Click on Edit Menu and then on the Led is button and then scroll down to I/O pin to choose the D13 pin.

You can then go back and generate the code again. The sketch is Nano33IoTBLE_Led_A0.ino This sketch is the same as Nano33BLE_Led_A0.ino except for comments. The NANO 33 IoT via BLE connection uses the same libraries as the NANO 33 BLE and the pfodApp connection is similar (but with a different BLE address)

Using the Nordic nRF UART 2.0 app to connect to the NANO 33 IoT via BLE

Because the NANO 33 IoT via BLE connection uses the same libraries as the NANO 33 BLE, The sketch to connect using the Nordic nRF UART 2.0 app is the same, i.e. Nano33BLE_UART_LED.ino as above.

Using pfodApp to connect to the NANO 33 IoT via WiFi

Open the Existing Menu, previously designed in pfodDesignerV3 (above Create the Custom menu to turn the Arduino LED on and off and Plot A0) and click in Target and then WiFi and then NANO 33 IoT connected via WiFi. Go back and Generate Code

The resulting sketch is Nano33IoTWiFi_Led_A0.ino

Edit the top of the sketch to match your WiFi network and choose a staticIP so that it is easy to connect to, typically 10.1.1.200 to 10.1.1.254 so as not to interfere with any other existing devices

#define WLAN_SSID       "myNetwork"        // cannot be longer than 32 characters!
#define WLAN_PASS       "myPassword"

const int portNo = 4989; // What TCP port to listen on for connections.
const char staticIP[] = "";  // set this the static IP you want, e.g. "10.1.1.200" or leave it as "" for DHCP. DHCP is not recommended.

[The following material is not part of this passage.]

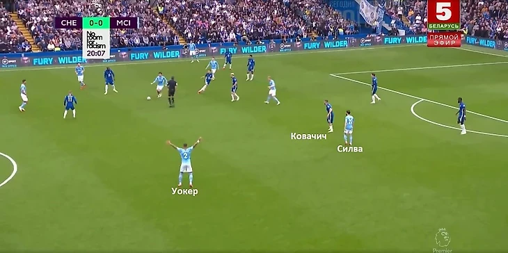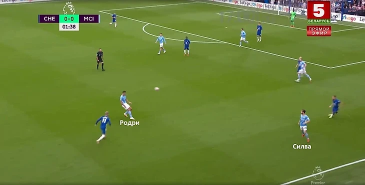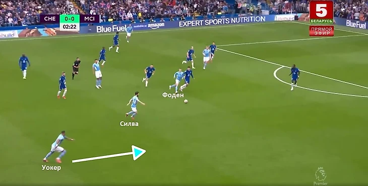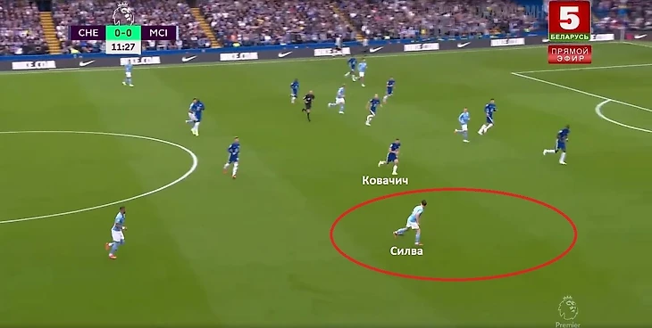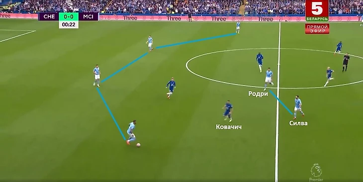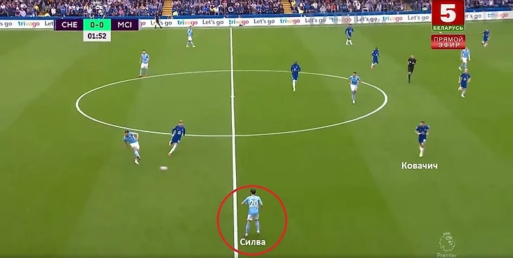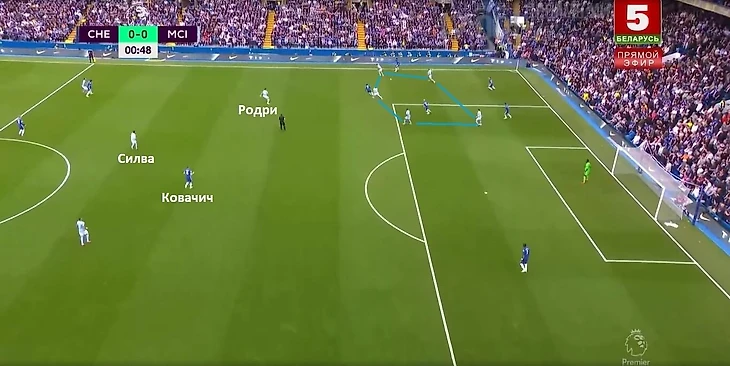 Передача идет между линий на Фодена, который едва его не теряет, находясь под давлением двух игроков. Ковачич неудачно играет в отборе, что позволяет англичанину скинуть мяч на свободного Силву. К нему также из глубины готов подключаться Уокер.

Setting up a WiFi connection on pfodApp (see the pfodAppForAndroidGettingStarted.pdf ) and connecting with pfodApp will show the same menu as above when connecting via NANO 33 BLE above. You can also add a 128bit shared private key to secure the connection. See A Simple WiFi/Arduino pfodDevice with 128 bit security and SipHash Secure Challenge and Response for micro-devices and Secret Key Generator for Secure Challenge and Response

Using a Telnet terminal program to connect to the NANO 33 IoT via WiFi

To connect via a telnet terminal, the changes made are similar to those made for Using the Nordic nRF UART 2.0 app to connect to NANO 33 BLE above. The port number is changed to 23, the well know Telnet port number. The resulting sketch is Nano33IoTWiFi_UART_Led.ino

On PC's you can use TeraTerm to connect. Connecting using Telnet on Mac is bit more involved but still doable. On your Android mobile there are a number of terminal apps such as TCP Telnet Terminal Pro

Connecting using TeraTerm

Start TeraTerm. Use the menu option Setup → Terminal to tick Local Echo

Then use File → New Connection to open an Telnet connect to the IP you have set. Here I have used 10.1.1.211

TeraTerm sends some initial negotiation bytes which the Nano33IoTWiFi_UART_Led.ino sketch does not recognised as a command so it responds with the Commands are on,off” message. You can then send the on and off commands.

Again the sketch can be easily extended to handle other command words. Multiple commands can be sent on the same line separated by space, dot or comma.

TeraTerm buffers you typing until you press Enter. Other Telnet programs may send each character as you type it. In that case if you don't type fast enough the timeout timer will finish and add a delimiter forcing a token to be returned. You can fix this by increasing the timeout setting to say 1sec

unsigned long TIMEOUT_MS = 1000; // 1.0sec

OR by commenting out the timer altogether.

  if (input.read(bleBufferedSerial)) {  // read from Serial, returns true if at least one character was added to SafeString input
  //  timeout.start(TIMEOUT_MS); // remove timer start so need to send delimiter like space or newline 
  }

Conclusion

This tutorial has shown how you can easily set-up Arduino NANO 33 BLE, Sense and IoT to connect via Bluetooth Low Energy (and WiFi for the IoT).
No Android programming is required. pfodApp handles all of that.
No Arduino coding is required. The (free) pfodDesignerV2 generates complete sketches for each of these modules.

While the sketches generated by pfodDesigner are for use with pfodApp, as shown above you can readily modify them to use a Nordic BLE UART app or a telnet program (for WiFi). In the modified sketches two simple commands, on and off, where set-up but the sketches can be easily extended to handle other command words. Multiple commands can be sent on the same line.